Before George Miller returned to the dystopian roads of Mad Max and Chris McQuarrie relit the fuse of Mission: Impossible in 2015, Chad Stahelski and David Leitch almost lost John Wick to the direct to video platform. A film that would have had no issue finding a niche audience, but like many other DTV actioners – the spotlight would shine elsewhere. Leaving a special film like John Wick to the shadowed peripherals of genre excellence. In a post-Dark Knight and (stampeding) MCU world, the action film was being reconfigured to drape the superheroes and heroines of splashy comic-book pages. Few of them managed to look at action as an extension of primal human instinct, and many were starting to view it as mindless fodder to distract us from how silly the world ending scenarios really were. If you measure the cuts in these films compared to John Wick, you’ll know which filmmakers love action, and just how many are scared of it.

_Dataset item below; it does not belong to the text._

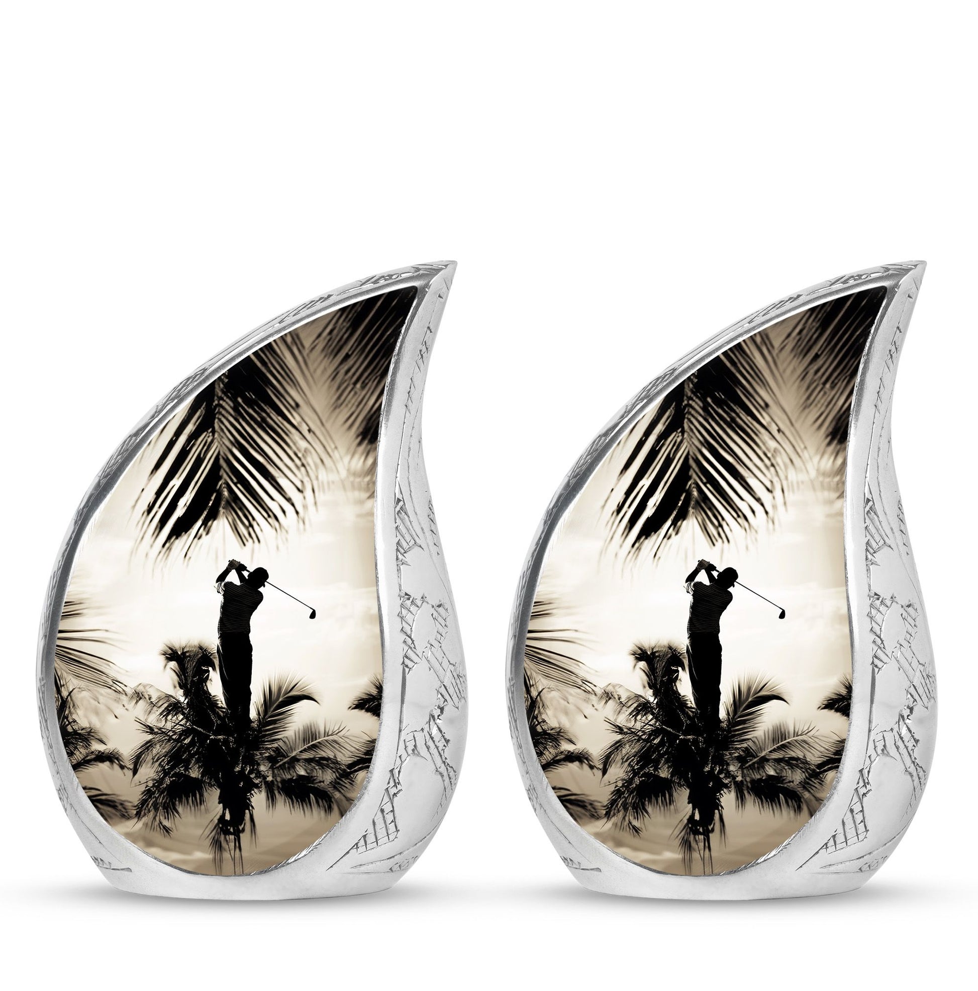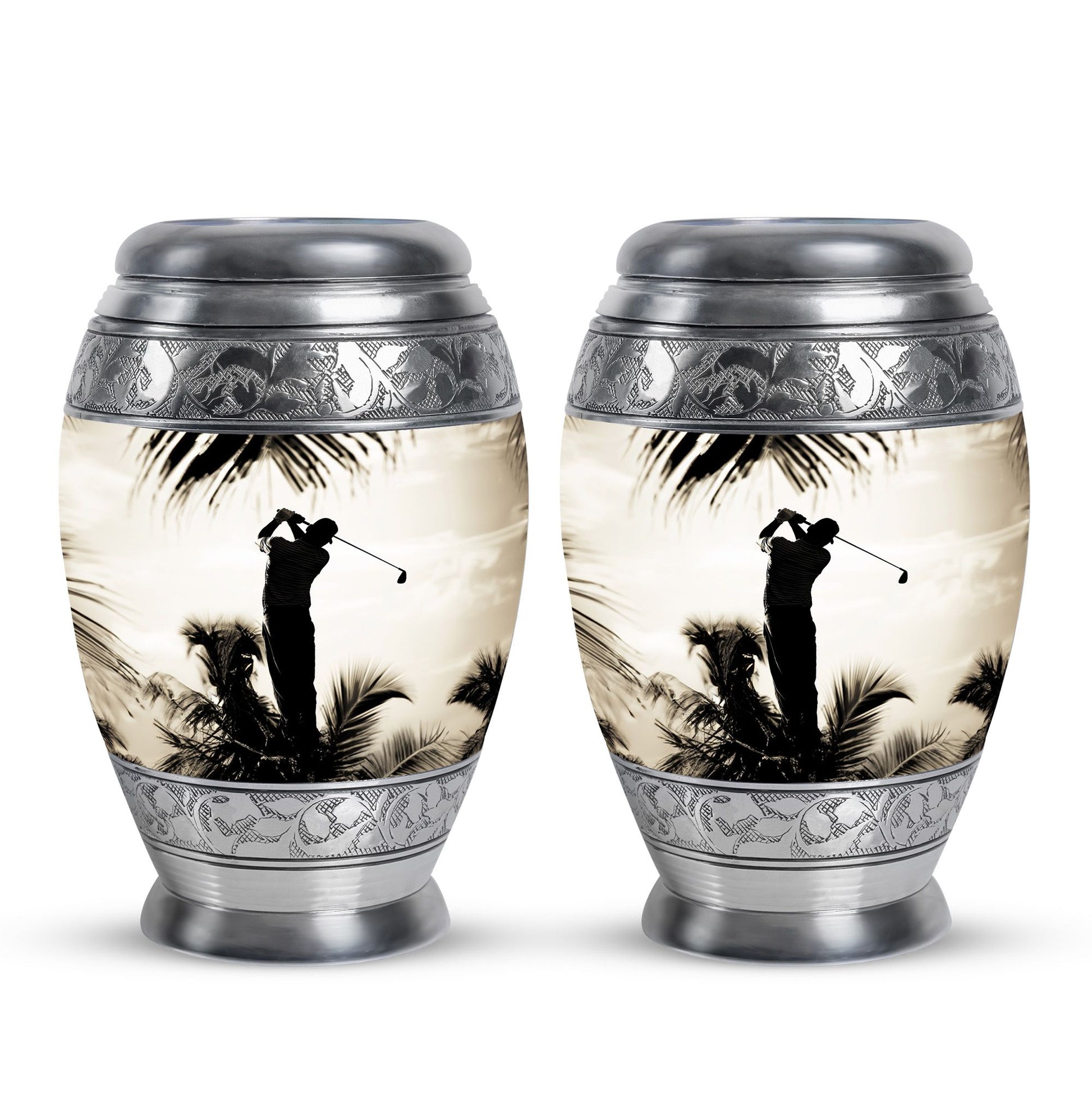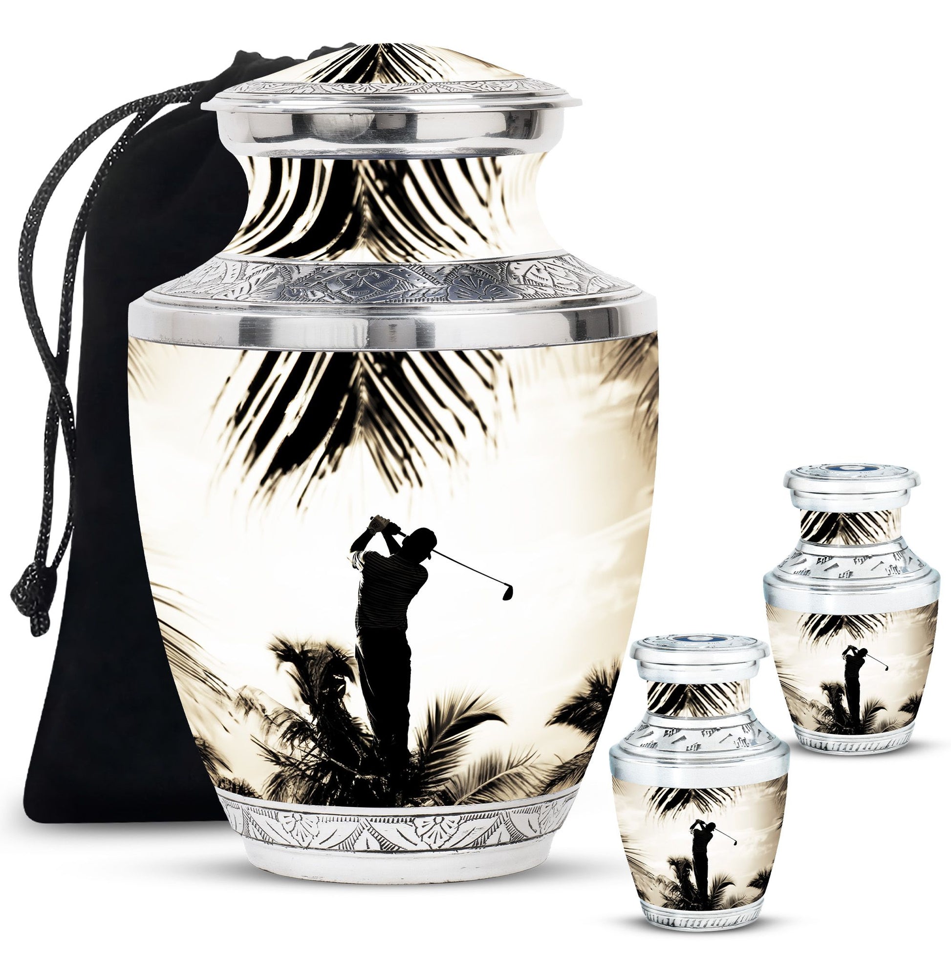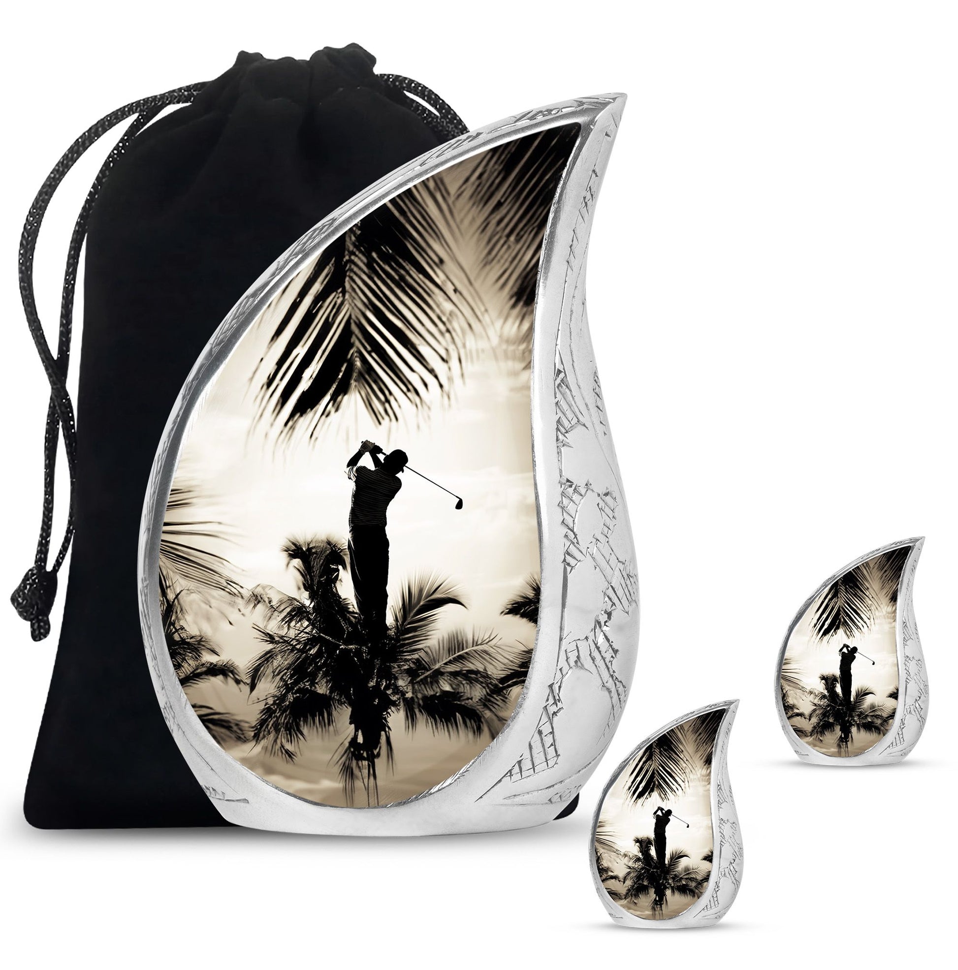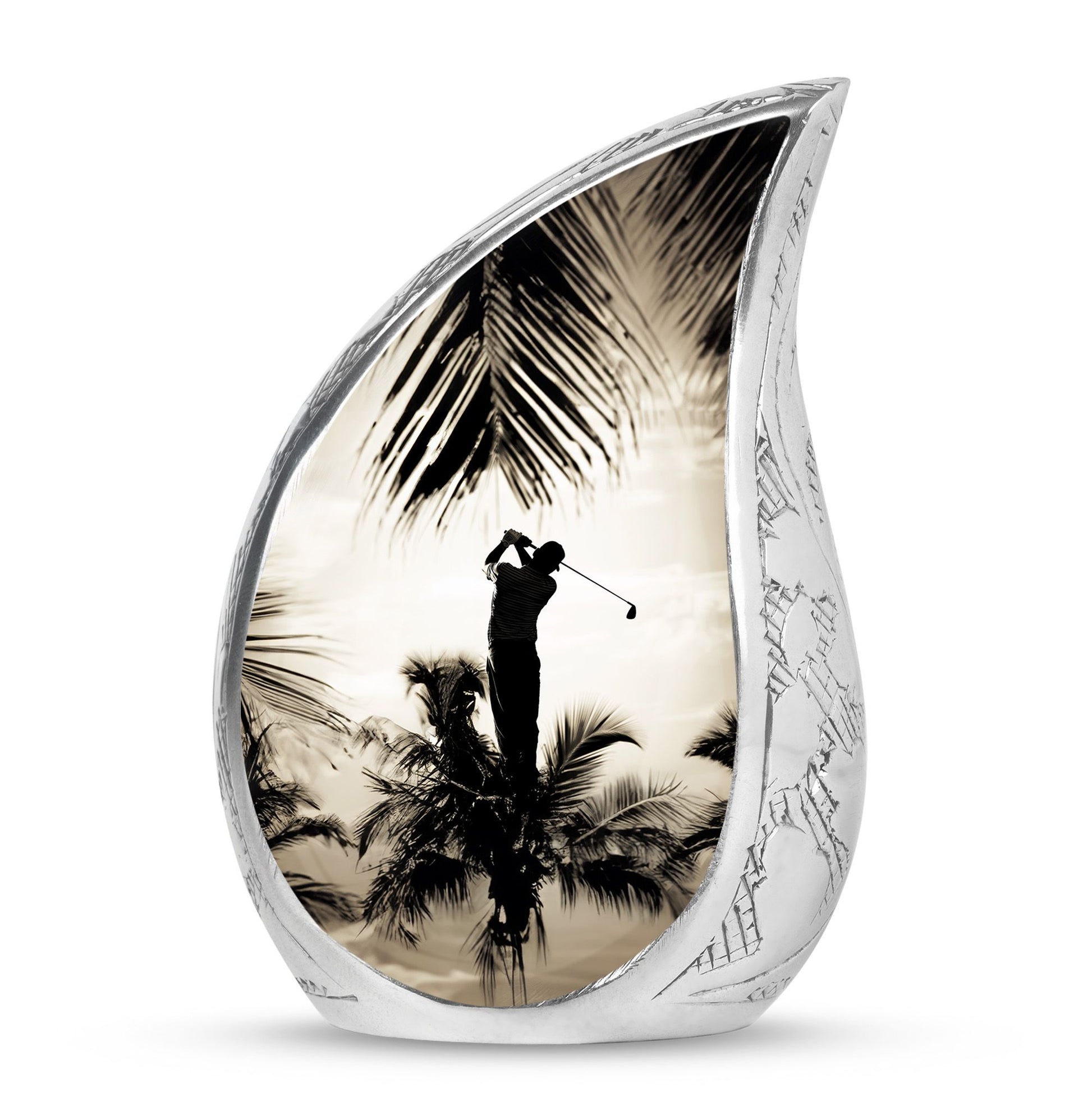 Crafted from durable aluminum, this urn showcases strength, elegance, and artistry. The polished surface and golf motif make it a distinctive large decorative urn, perfect for those who lived with a passion for the game. With a secure screw-top lid and generous capacity, it functions as a large funeral urn for home or burial, while the keepsake urns offer a way to hold memories close.

In this moment between capes, rekindled, revamped franchises, John Wick was forged – eventually becoming a franchise all its own. A thrilling success story for the little DTV movie that could, and yet none of us knew how special that story would be until it evolved through the subsequent sequels. Now, nearly nine years removed from that October 24, 2014, release date - John Wick: Chapter 4 is here. Soon, we will be able to recognize this chapter as a landmark in action film history as we trace the countless strands of D.N.A that leads back to the inception.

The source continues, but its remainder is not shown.